En el mundo los productores agrícolas reportan millones de dólares de pérdidas en sus cultivos a causa de las bajas temperaturas producidas por las heladas. Cada año las cosechas de agricultores mexicanos resultan afectadas por estos fenómenos climáticos.

En Tamaulipas, por ejemplo, entre noviembre y diciembre del año pasado los frentes fríos afectaron más de 30 mil hectáreas de sembradíos, con una merma estimada en 300 millones de pesos, de acuerdo a reportes de la delegación estatal de la Secretaría de Agricultura, Ganadería, Desarrollo Rural, Pesca y Alimentación (Sagarpa).

Dora Luz Cano Ramírez, estudiante de la maestría en Ciencias Bioquímicas de la UNAM, indaga los mecanismos utilizados por las plantas para resistir bajas temperaturas, conocimiento útil en el desarrollo de semillas resistentes al frío, una línea de investigación poco explorada a nivel mundial.

En sus trabajos observó que los esfingolípidos, abundantes en la membrana de las células vegetales, funcionan como moléculas estructurales involucradas en la percepción de temperatura, así como señalizadores en el proceso de adaptación al frío. Así, las plantas modifican la composición y propiedades físicas de sus membranas celulares para sobrevivir a cambios climáticos.
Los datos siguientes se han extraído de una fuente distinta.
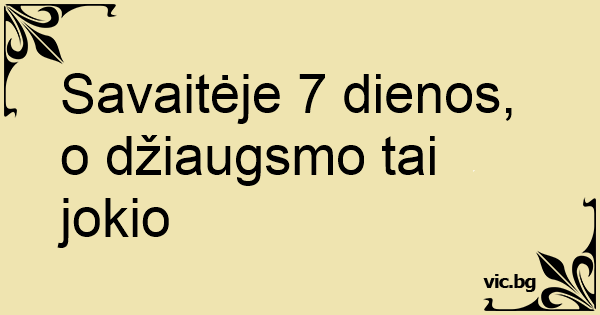 Savaitėje 7 dienos, o džiaugsmo tai jokio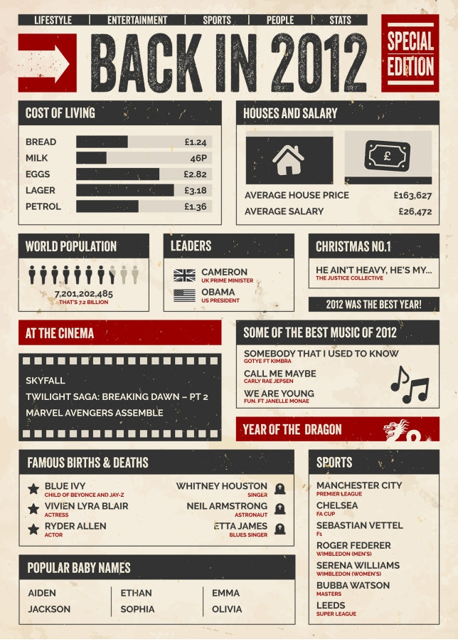 Looking for the perfect gift to celebrate a special 30th birthday? Our 'Back in 2012' card is just what you need!

A futuro, con la aplicación de este conocimiento básico los agricultores tendrían acceso a semillas para sembrar plantas resistentes a nevadas y heladas, con el fin de reducir daños en los cultivos sensibles al frío y evitar las pérdidas en la producción, comentó la galardonada con la beca Carl Storm International Diversity Fellowship.

Vigías del clima

Una helada es la ocurrencia de una temperatura del aire de cero grados centígrados (0°C) o inferior, medida a una altura de entre 1.25 y dos metros por encima del nivel del suelo. La congelación ocurre si el agua dentro de la planta pasa de líquido a hielo. Esto puede o no dañar el tejido, según la tolerancia adquirida o inherente de cada especie vegetal.

Un evento de esa naturaleza se convierte en congelación al formarse hielo dentro o fuera de las células vegetales, reiteró, y el deterioro ocurre si se dañan las estructuras membranales y se deshidratan las células, lo que conduce a su muerte, de acuerdo con la Organización de las Naciones Unidas para la Alimentación y la Agricultura (FAO, por sus siglas en inglés).

El grupo de investigación al que pertenece la universitaria analiza la contribución de los esfingolípidos en distintas funciones estructurales y de señalización celular en las plantas en condiciones adversas, como el ataque de agentes patógenos o bajas temperaturas.

Con la asesoría de Marina Gavilanes-Ruiz, investigadora del Departamento de Bioquímica de la Facultad de Química, “estudiamos cómo las plantas son capaces de “sensar”, transmitir y adaptarse a cambios de temperatura en su entorno, lo que les permite sobrevivir a modificaciones climáticas”.

Se trata de conocer, con exactitud, el “cableado” desde el exterior de las plantas, hasta el núcleo de las células que las forman y lo que sucede en la membrana de estas últimas para adaptarse al frío. Los trabajos son necesarios para comprender el fenómeno y después aplicarlo en la industria y el campo, concluyó.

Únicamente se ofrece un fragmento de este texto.